Em sua carta aos dirigentes, Ophir explicou que "as licenças remuneradas têm respaldo legal (artigo 95, da Lei 5.810/94, Estatuto dos Servidores Públicos do Estado do Pará) e foram autorizadas pelo Conselho Superior da Procuradoria-Geral do Estado do Pará, com publicação no Diário Oficial do Estado. Alguns presidentes de seccionais e do próprio conselho federal já fizeram jus a essa licença remunerada."

Ophir também se defende das acusações afirmando que a ação foi proposta após o Conselho Federal afastar dirigentes da OAB-PA, decisão tomada por "maioria das delegações (22 a 4), e o assunto jamais havia sido questionado pelo presidente afastado ou por seus prepostos". Segundo o presidente da OAB, durante o processo de intervenção ele recebeu ameaças do presidente afastado no sentido de que, se viesse a ter a intervenção ou mesmo processo disciplinar contra ele, a "mortalha" não cairia exclusivamente sobre si.

Consta da mensagem enviada aos conselheiros federais e aos presidentes das seccionais que "a ameaça foi feita diretamente e por terceiros, sempre no sentido de que iria desferir pesados golpes contra mim e contra a Conselheira Federal Ângela Sales, o que começa a acontecer com essa Ação Popular e com uma "varredura" que fez nas minhas e nas contas dela, que será o seu próximo passo".

O presidente da Ordem recebeu a solidariedade do Centro de Estudos das Sociedades de Advogados (Cesa) e de seus colegas. Para José Luis de Salles Freire, presidente do Cesa, "o presidente Ophir Cavalcante está fazendo um brilhante trabalho à frente do Conselho Federal da OAB. Entendo que a questão recentemente levantada contra ele tem a ver com disputas políticas locais, e será objeto de exame nos foros apropriados. Ela em nada empana a atuação do presidente, atuação esta que culminará, neste ano, com a realização da Conferência Nacional da OAB, na semana que vem em Curitiba."

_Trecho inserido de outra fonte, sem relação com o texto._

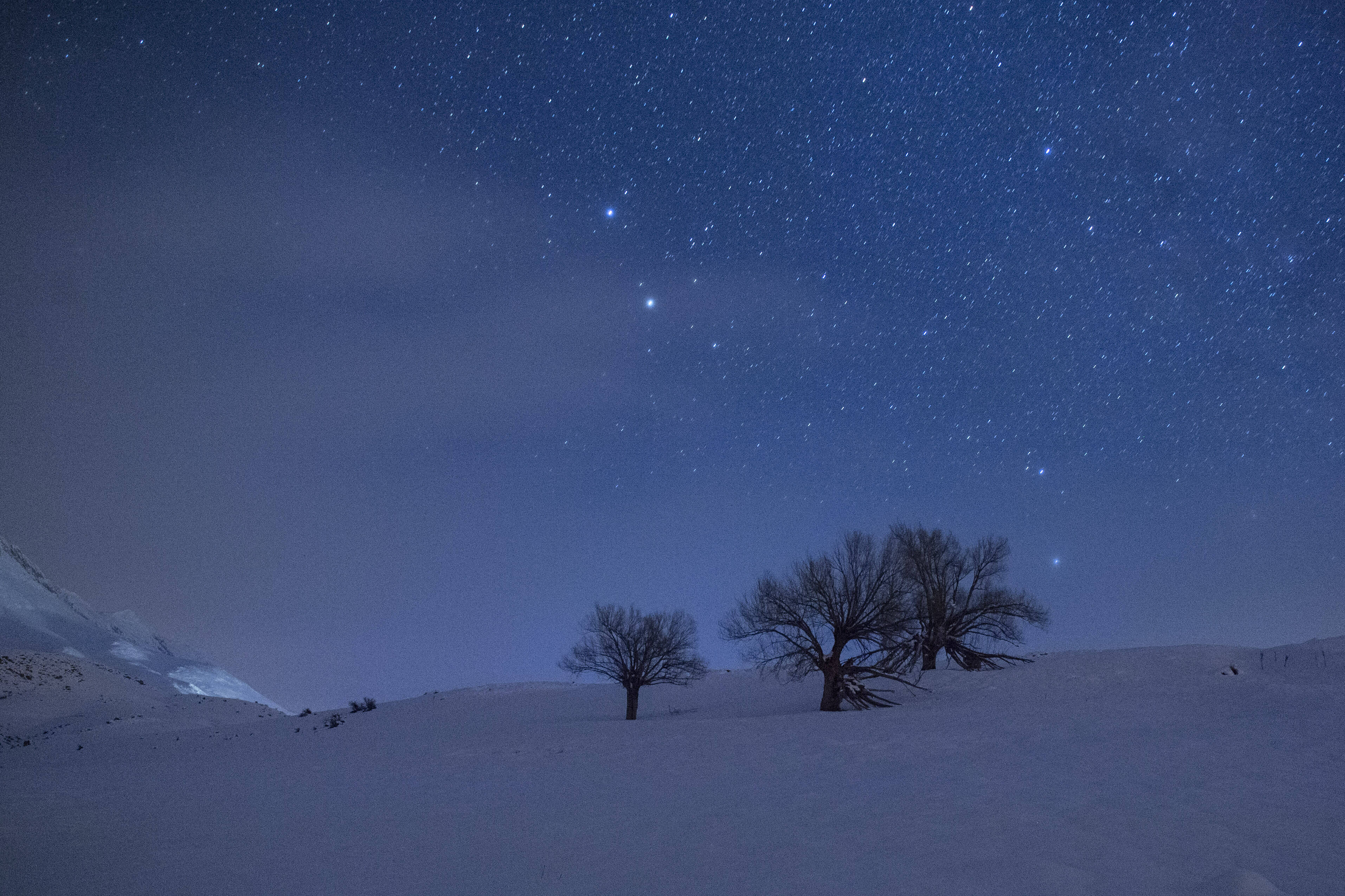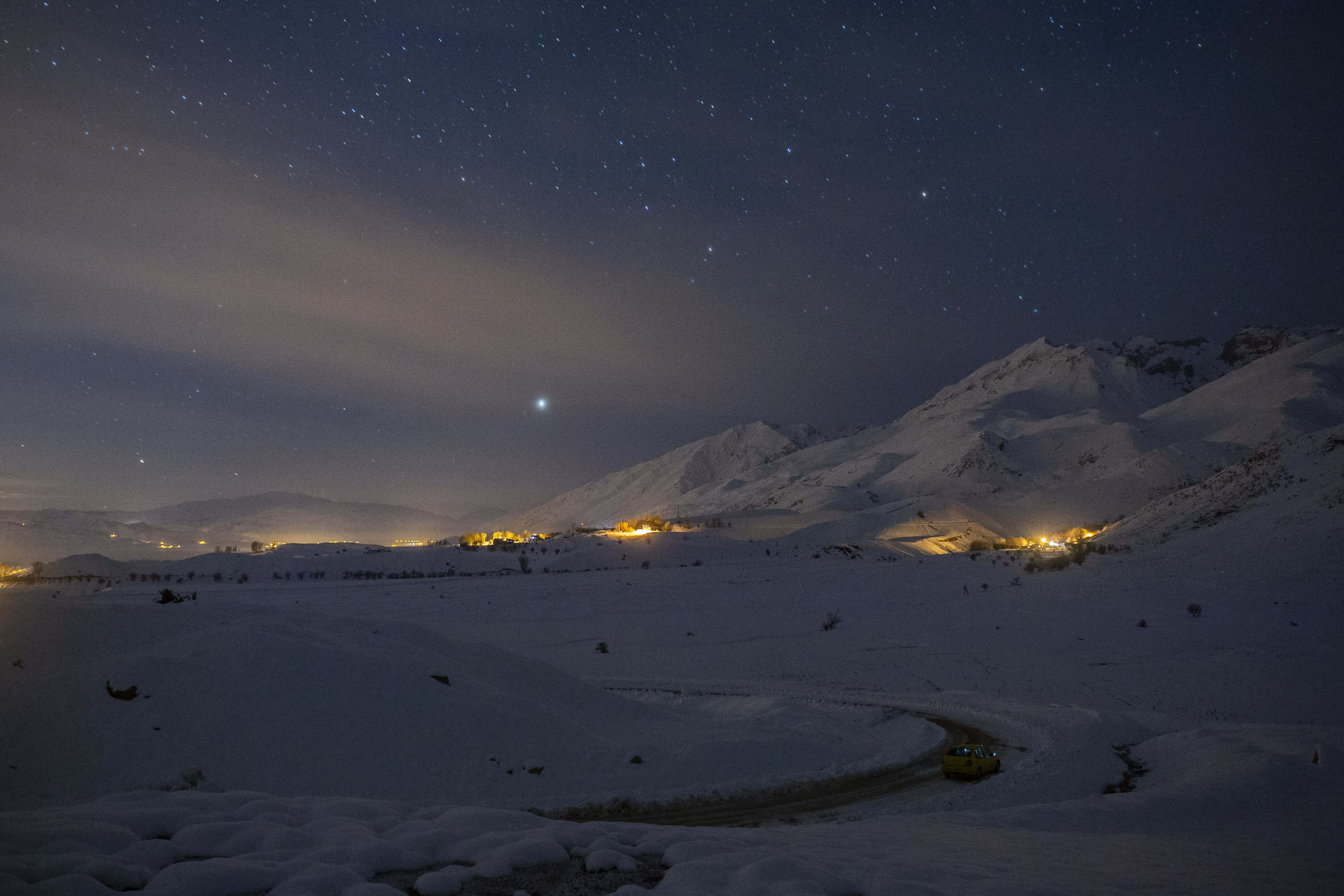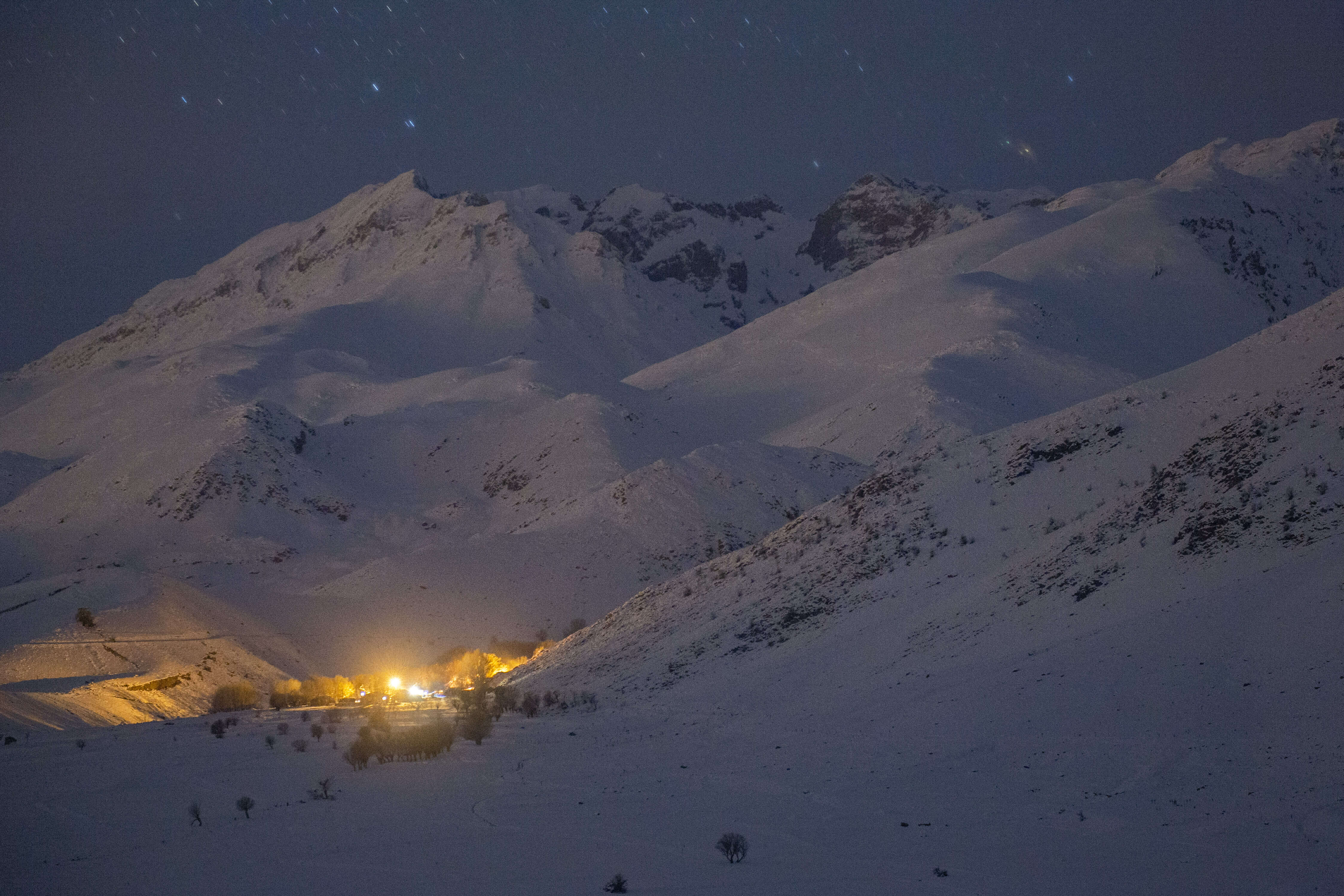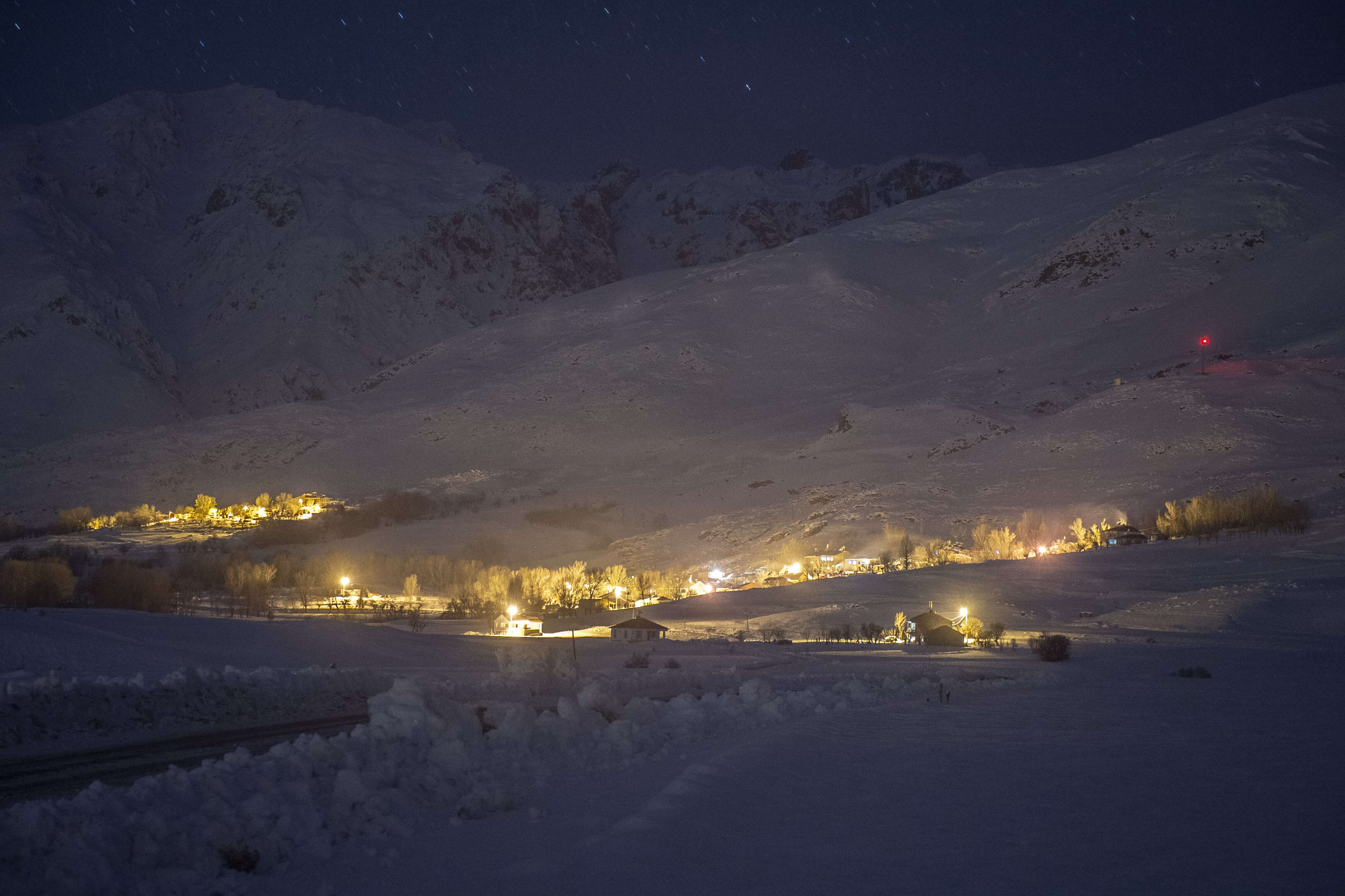 Beyaz örtüyle kaplanan Ovacık'ta gece güzelliği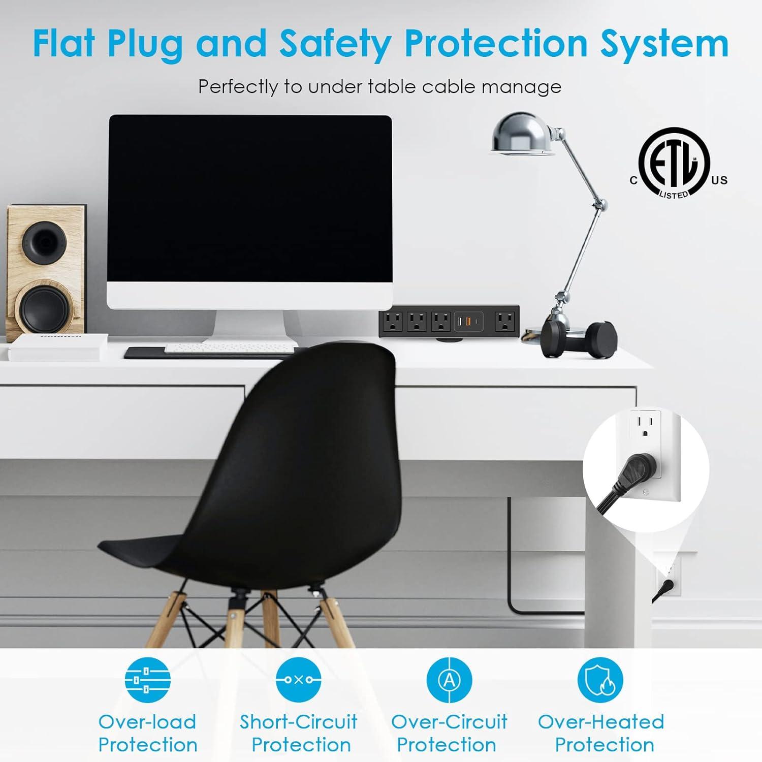 Safe desk mount outlet strip with ETL listed, made of ABS and fireproof material, short-circuit, grounded, overload, over-voltage protection safety system. Please check whether each port is working properly before use.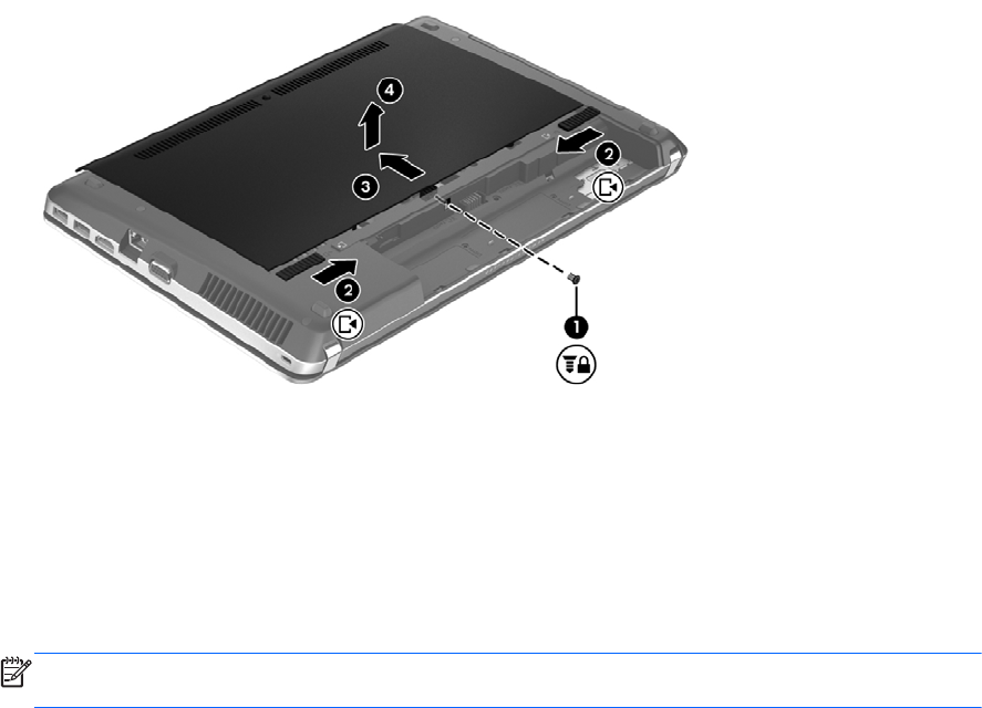 3. Плъзнете сервизната вратичка към предната страна на компютъра (3), след което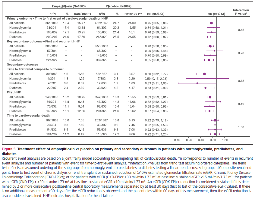 SGLT2阻害薬は、駆出率が低下した心不全(HFrEF)患者の転帰を改善するが、血糖状態(非糖尿病、耐糖能異常、糖尿病)が心不全および腎イベント抑制に影響を与えるかどうかについての追加情報が必要である。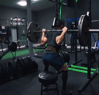 在深蹲架內放置凳子,本來是為了減少腿部的壓力,如此可以在底部觸底反彈,但是前提條件是你能控制住槓鈴重量。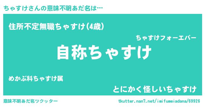 | 女子向けラノベタイトル風あだ名 | 『闇のちゃすけ』『ちゃすけの婚約者』 |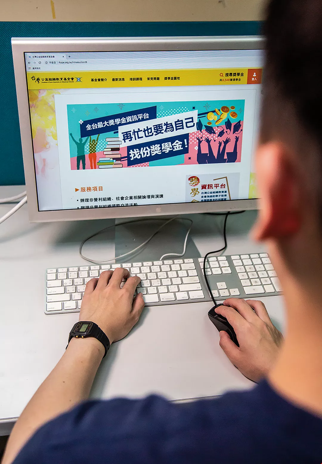 Although scholarship money isn’t much, ranging from thousands to tens of thousands of NT dollars, it can be a lifesaver in time of need. But many of the teachers say that although there are abundant scholarship resources available from nongovernmental sources, for the most part they have depended on each private source notifying the school before the scholarships could be announced on the school website. Because the sources are many and sundry, if one didn’t pay careful attention, it was easy to miss them. Even if prospective applicants found the information, they had to comb through the offers one by one to see which ones were applicable to them, a time-consuming and tiring process.

O secretário-geral da OAB Nacional, Marcus Vinicius Furtado Coêlho, registrou que "a liberação de servidor público para exercer mandato classista é prática normal e corriqueira em entidades como sindicatos de servidores, sindicato de professores, associação dos magistrados brasileiros, associação dos juízes federais. Ophir Cavalcante trabalha em favor do patrimônio público do Brasil e dos estados, incluindo o Pará. Sua atuação em defesa dos valores constitucionais engrandece não apenas a advocacia como a Nação brasileira".

Em nota enviada à ConJur (leia no final da notícia), o movimento Diga não à Intervenção afirma que a carta de Ophir Cavalcante “está eivada de informações caluniosas contra o presidente afastado da OAB-PA”. De acordo com a assessoria de imprensa do movimento, Jarbas Vasconcelos interpelou judicialmente o presidente do Conselho Federal para pedir esclarecimentos e provas das acusações feitas.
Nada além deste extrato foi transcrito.